━━━━━ DATA FOR PROCESSING

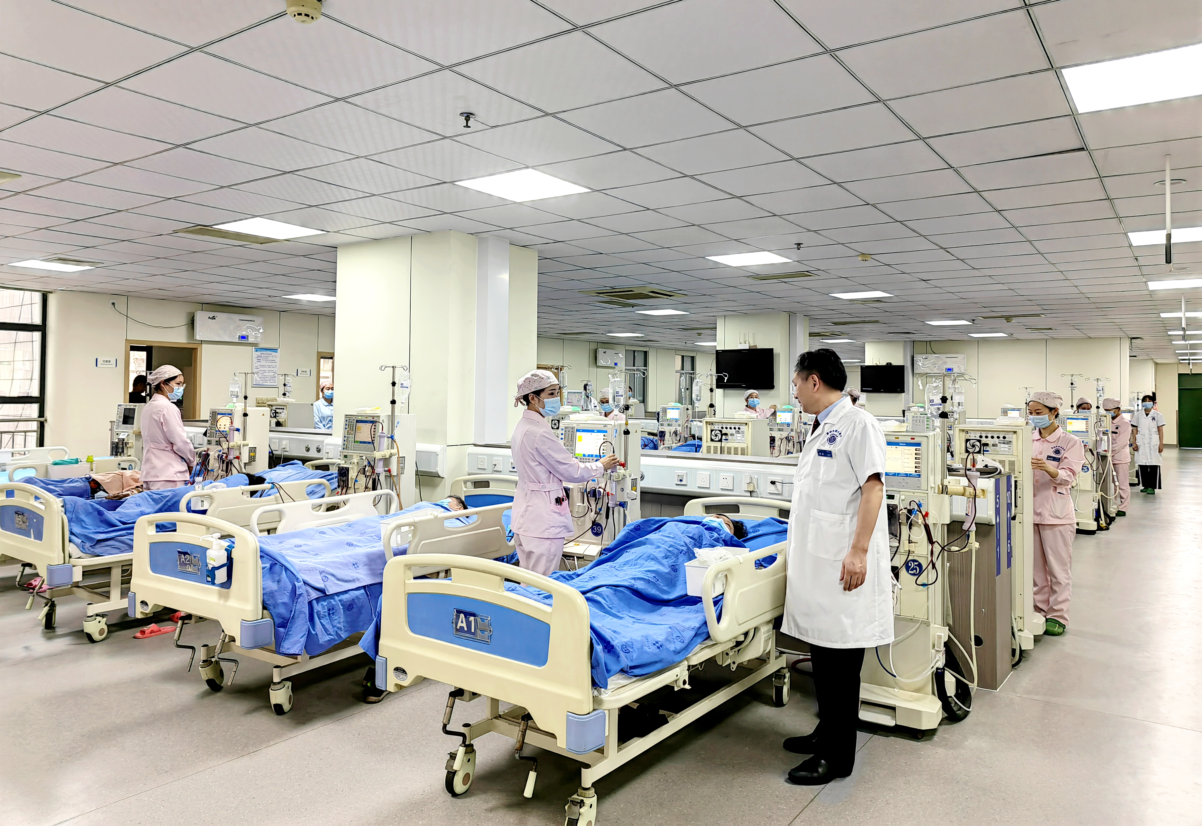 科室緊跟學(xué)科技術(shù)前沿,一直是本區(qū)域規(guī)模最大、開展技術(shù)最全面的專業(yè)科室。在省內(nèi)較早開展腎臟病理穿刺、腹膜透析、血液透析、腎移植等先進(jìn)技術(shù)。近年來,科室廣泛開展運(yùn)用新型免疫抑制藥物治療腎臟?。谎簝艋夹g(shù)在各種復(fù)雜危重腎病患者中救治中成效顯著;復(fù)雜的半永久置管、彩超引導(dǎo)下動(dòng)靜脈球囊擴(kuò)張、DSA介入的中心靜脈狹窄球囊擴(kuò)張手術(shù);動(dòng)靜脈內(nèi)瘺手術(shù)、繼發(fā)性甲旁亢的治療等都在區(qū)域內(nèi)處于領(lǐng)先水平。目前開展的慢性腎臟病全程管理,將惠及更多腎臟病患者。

━━━━━━━━━━
━━━━━ DATA FOR PROCESSING

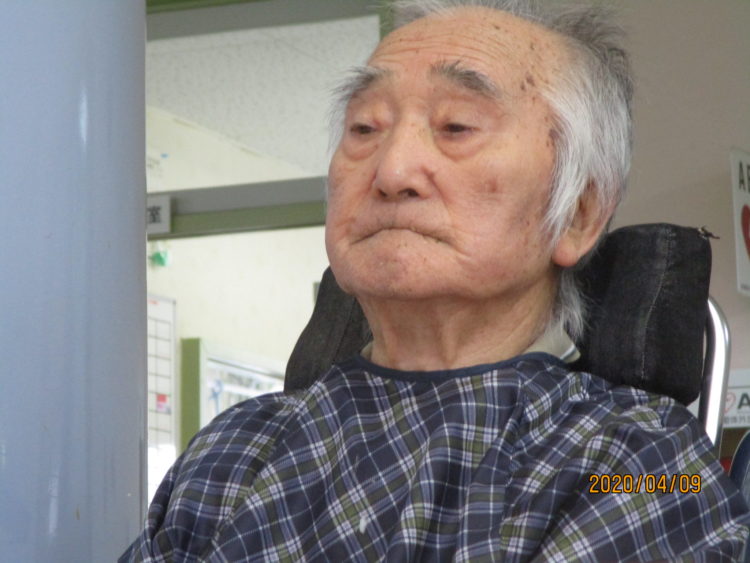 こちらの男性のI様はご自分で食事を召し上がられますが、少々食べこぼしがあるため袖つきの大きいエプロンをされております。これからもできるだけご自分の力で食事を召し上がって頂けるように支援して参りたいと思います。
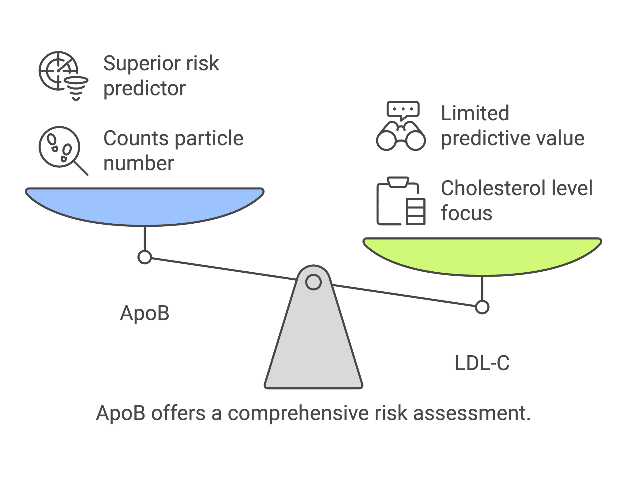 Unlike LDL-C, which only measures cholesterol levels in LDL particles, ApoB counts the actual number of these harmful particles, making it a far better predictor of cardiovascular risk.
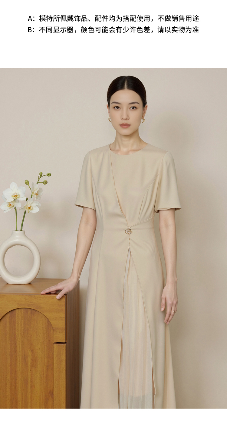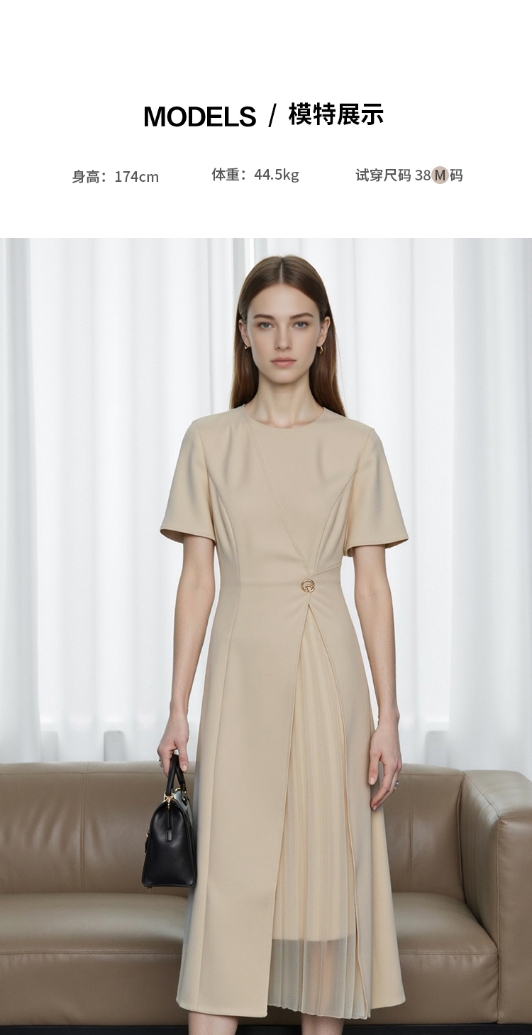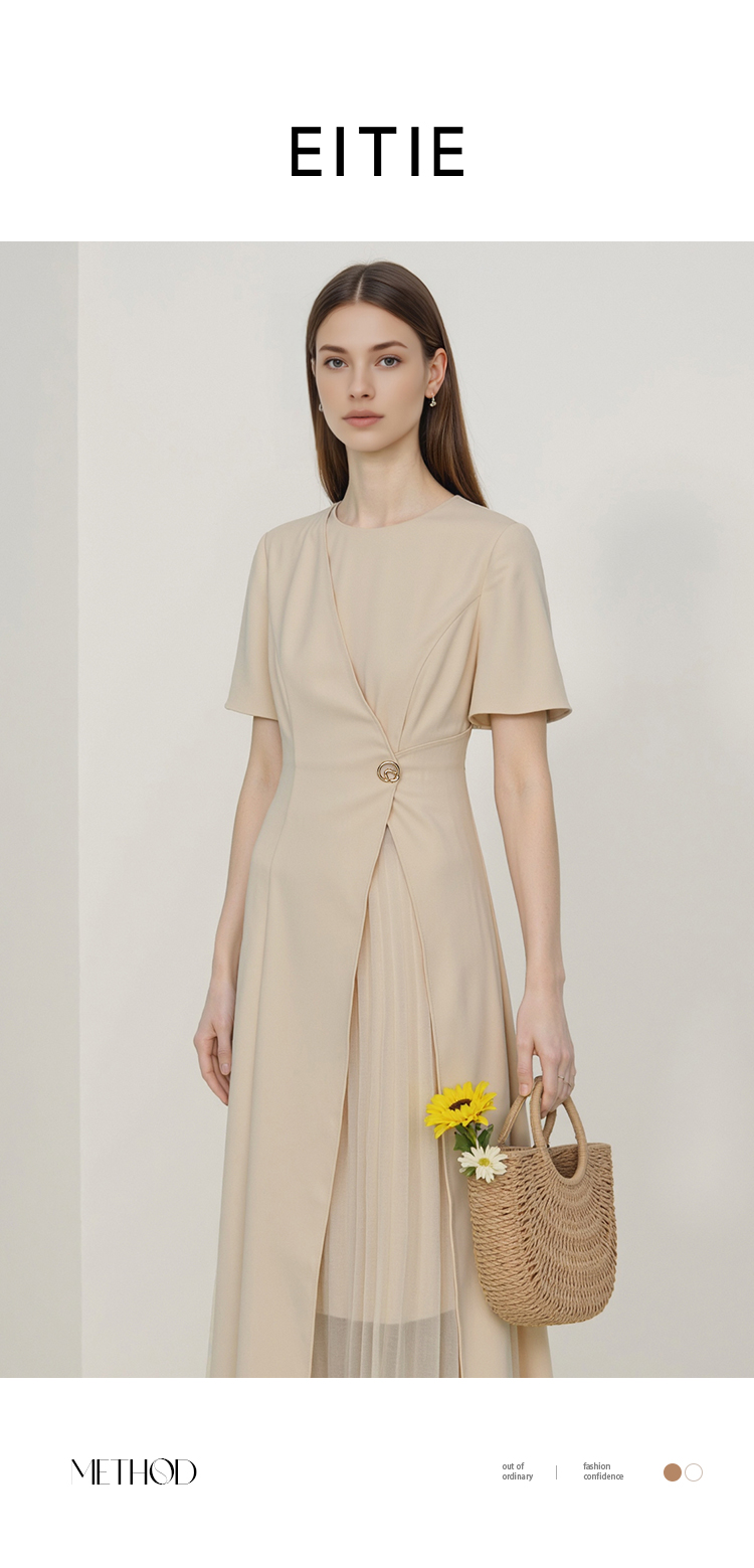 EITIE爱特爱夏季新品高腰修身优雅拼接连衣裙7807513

━━━━━━━━━━

WHAT TO WORK ON:
Starting at the line above that holds "Unlike LDL-C, which", return each line up to and including the one that holds "EITIE爱特爱夏季新品高腰修身优雅拼接连衣裙7807513", exactly as written, minus any pictures.

RESPONSE:
 Unlike LDL-C, which only measures cholesterol levels in LDL particles, ApoB counts the actual number of these harmful particles, making it a far better predictor of cardiovascular risk.
 EITIE爱特爱夏季新品高腰修身优雅拼接连衣裙7807513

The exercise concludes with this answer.